The main difference is the final average. The average should be taken over the number of unmasked values, which is just K.sum(mask)
. And also, y_true
can be compared to the one-hot encoded vector [0, 0, 1]
directly.
def get_loss(mask_value):
mask_value = K.variable(mask_value)
def masked_categorical_crossentropy(y_true, y_pred):
# find out which timesteps in `y_true` are not the padding character '#'
mask = K.all(K.equal(y_true, mask_value), axis=-1)

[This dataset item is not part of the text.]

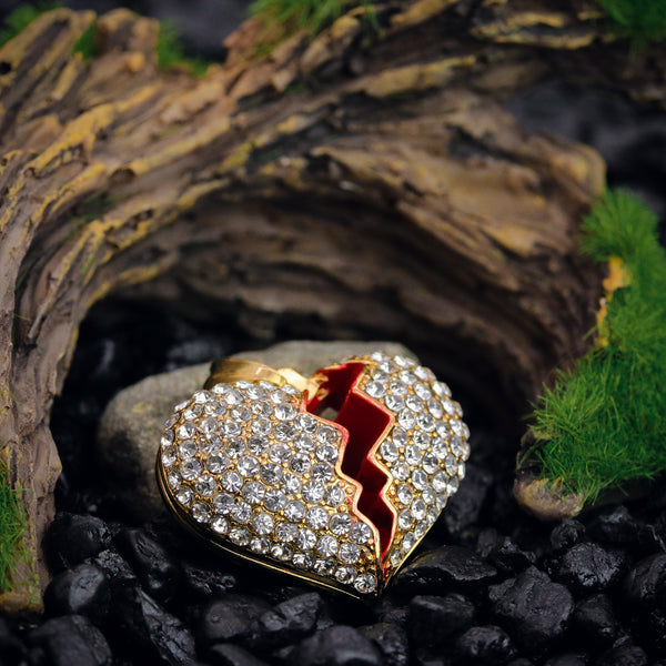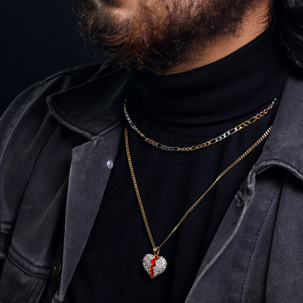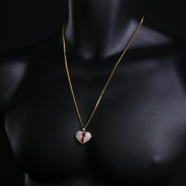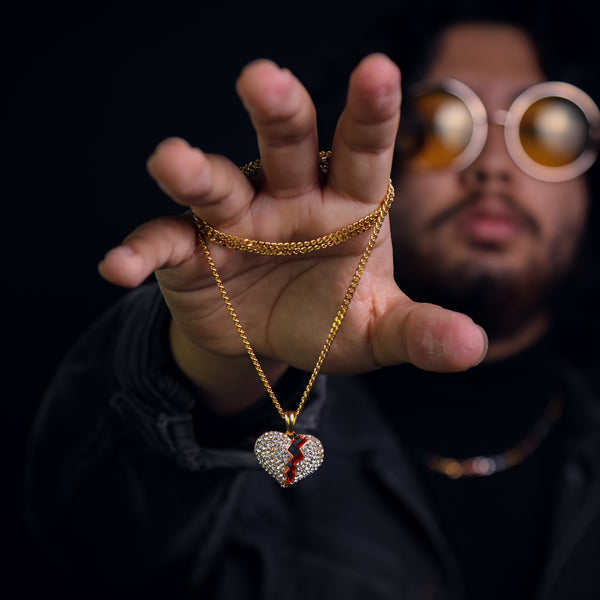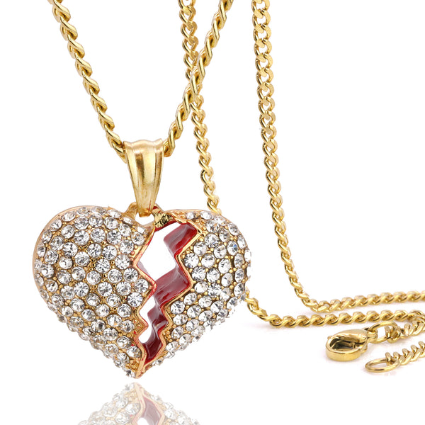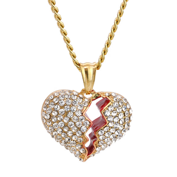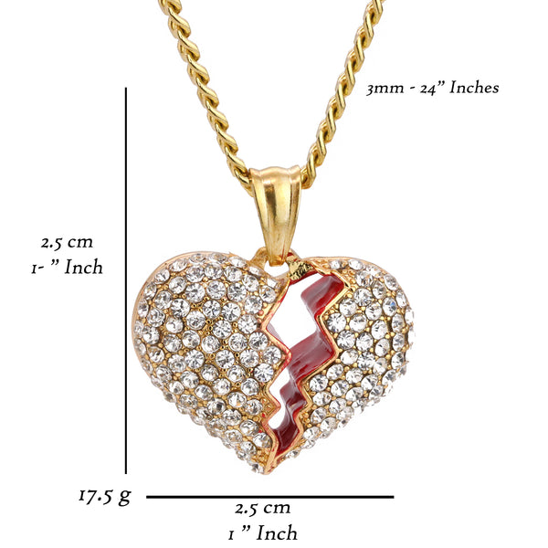 Broken Heart Pendant 24" Cuban Chain Hip Hop Style 18k Gold Stainless Steel

mask = 1 - K.cast(mask, K.floatx())
# multiply categorical_crossentropy with the mask
loss = K.categorical_crossentropy(y_true, y_pred) * mask
# take average w.r.t. the number of unmasked entries
return K.sum(loss) / K.sum(mask)
return masked_categorical_crossentropy
masked_categorical_crossentropy = get_loss(np.array([0, 0, 1]))
model = Model(input_tensor, output)
model.compile(loss=masked_categorical_crossentropy, optimizer='adam')
然后,以上代码的输出显示仅在未屏蔽的值上计算损失:
The output of the above code then shows that the loss is computed only on the unmasked values:
model.evaluate: 1.08339476585
tf unmasked_loss: 1.08989
tf masked_loss: 1.08339
该值与您的值不同,因为我已将tf.reverse
中的axis
参数从[0,1]
更改为[1]
.
The value is different from yours because I've changed the axis
argument in tf.reverse
from [0,1]
to [1]
.
这篇关于如何使用TensorFlow后端掩盖Keras中的损失函数?的文章就介绍到这了,希望我们推荐的答案对大家有所帮助,也希望大家多多支持IT屋!